I found that the shortcake recipe made just the right amount of dough for 5 small granny smith apples. You can adjust the amount of dough for the number of apples (e.g., servings) you desire, or you can use leftover dough to cook as biscuits.
Apple Dumplings
makes 5; best if you serve one per person!
Apples
- 5 small tart apples
- 1/2 cup sugar (I used white sugar; brown would be good too)
- 1 t cinnamon
- freshly grated nutmeg to taste
- butter
Pare and core 5 small tart apples. Mix the sugar and spices.
Shortcake
- 2 cups flour
- 2 teaspoons baking powder
- 1/2 teaspoon salt
- 1 tablespoon sugar
- a few gratings of nutmeg
- 1/4 cup butter (unsalted)
- milk: about 3/4 cup
Stir together the flour, baking powder, salt, sugar, and nutmeg. Cut in the butter with a pastry cutter or your fingers, or use a few pulses in a food processor.
Stir in the milk, little by little, until the dough holds together but is still soft. Turn out on a floured board (fold over a few times if necessary) and roll to 1/4-inch thickness.
Divide the dough into 5 equal pieces and roll each to a size that will wrap up and around one of the apples. My rolled dough wasn’t really a square, it was more free form.

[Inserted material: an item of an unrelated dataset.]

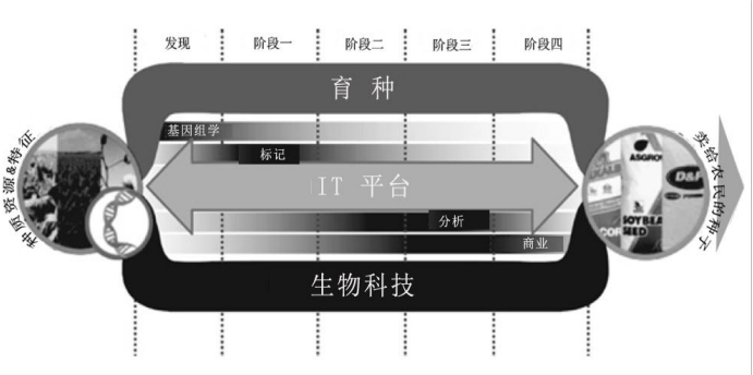 图 4 孟山都研发途径概览 生物科技和育种形成并行研发途径,通过共享工具和技术相联系。IT 平台是支持研究、产品描述和产品改良决策的链接 有助于筛选了解新基因和种质资源的实验室与田间工作在两种途径中融合。信息收集产业规模化,且往往高度自动化。

Place an apple on a piece of dough and fill the apple with some of the sugar-spice mix. Dot the inside with a little butter. Fold the dough up from four opposing sides and pinch together over the top of the apple. Continue until you finish all the apples and dough.

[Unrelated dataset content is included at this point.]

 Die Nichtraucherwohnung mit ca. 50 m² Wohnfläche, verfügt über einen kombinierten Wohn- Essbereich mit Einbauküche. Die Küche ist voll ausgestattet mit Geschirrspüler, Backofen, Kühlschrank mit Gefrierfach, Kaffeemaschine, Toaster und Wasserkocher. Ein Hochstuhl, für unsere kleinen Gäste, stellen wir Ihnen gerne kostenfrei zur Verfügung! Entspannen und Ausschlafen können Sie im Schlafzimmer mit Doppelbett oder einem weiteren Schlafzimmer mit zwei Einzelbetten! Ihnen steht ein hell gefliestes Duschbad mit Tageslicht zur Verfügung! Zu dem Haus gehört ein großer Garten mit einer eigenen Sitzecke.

Place the apples in a baking pan so they are not touching. I sprinkled some of the remaining sugar-spice mix on top of the dough and highly recommend this step.
Bake at 375˚ for about 45 minutes, until the dough is golden brown. Serve warm with ice cream.
Great great great! These are delicious. So fun and different. We had never had anything like it before!
It will be interesting to compare The Fannie Farmer Cookbook with my 1906 edition of Farmer’s The Boston Cooking-School Cookbook. How much of the friendly style is Fannie’s or the revision author? What were the original recipes? A post to look forward to.